Zero-mean process; Pre-emphasis process; Windowing process.

Optionally, this device that the embodiment of the present invention provides can also comprise: record cell, for this audio data sequence being carried out cutting in feature extraction unit 32, when obtaining multiple voice data subsequence, record is carried out to the multiple voice data subsequences obtained putting in order in time.Based on the function of this record cell, feature extraction unit 32 specifically may be used for: by multiple voice data subsequences putting in order in time of this recording unit records, the specific characteristic of each voice data subsequence is synthesized a proper vector.

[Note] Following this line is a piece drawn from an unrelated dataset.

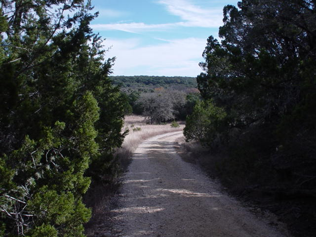 Near Boerne, Texas
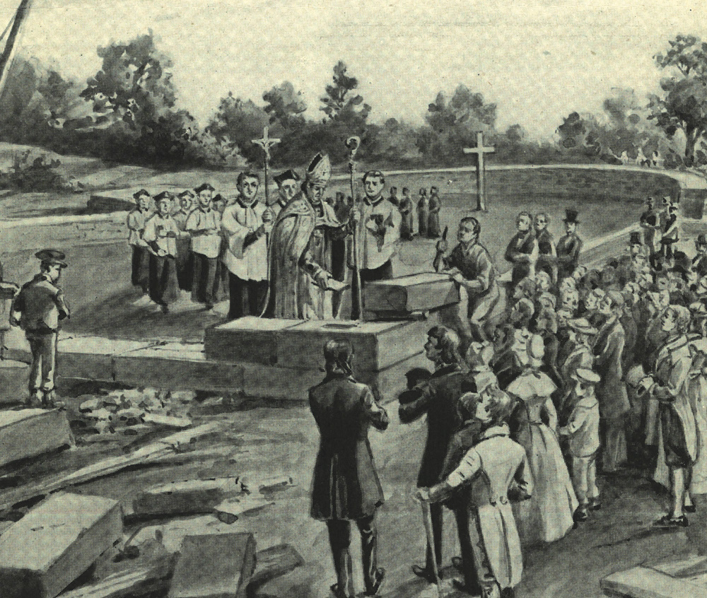 John Carroll, bishop of Baltimore, lays the cornerstone for the Cathedral of the Assumption in Baltimore, the first cathedral in the United States.

Those skilled in the art should understand, embodiments of the invention can be provided as method, system or computer program.Therefore, the present invention can adopt the form of complete hardware embodiment, completely software implementation or the embodiment in conjunction with software and hardware aspect.And the present invention can adopt in one or more form wherein including the upper computer program implemented of computer-usable storage medium (including but not limited to magnetic disk memory, CD-ROM, optical memory etc.) of computer usable program code.

The present invention describes with reference to according to the process flow diagram of the method for the embodiment of the present invention, equipment (system) and computer program and/or block scheme.Should understand can by the combination of the flow process in each flow process in computer program instructions realization flow figure and/or block scheme and/or square frame and process flow diagram and/or block scheme and/or square frame.These computer program instructions can being provided to the processor of multi-purpose computer, special purpose computer, Embedded Processor or other programmable data processing device to produce a machine, making the instruction performed by the processor of computing machine or other programmable data processing device produce device for realizing the function of specifying in process flow diagram flow process or multiple flow process and/or block scheme square frame or multiple square frame.

These computer program instructions also can be stored in can in the computer-readable memory that works in a specific way of vectoring computer or other programmable data processing device, the instruction making to be stored in this computer-readable memory produces the manufacture comprising command device, and this command device realizes the function of specifying in process flow diagram flow process or multiple flow process and/or block scheme square frame or multiple square frame.

These computer program instructions also can be loaded in computing machine or other programmable data processing device, make on computing machine or other programmable devices, to perform sequence of operations step to produce computer implemented process, thus the instruction performed on computing machine or other programmable devices is provided for the step realizing the function of specifying in process flow diagram flow process or multiple flow process and/or block scheme square frame or multiple square frame.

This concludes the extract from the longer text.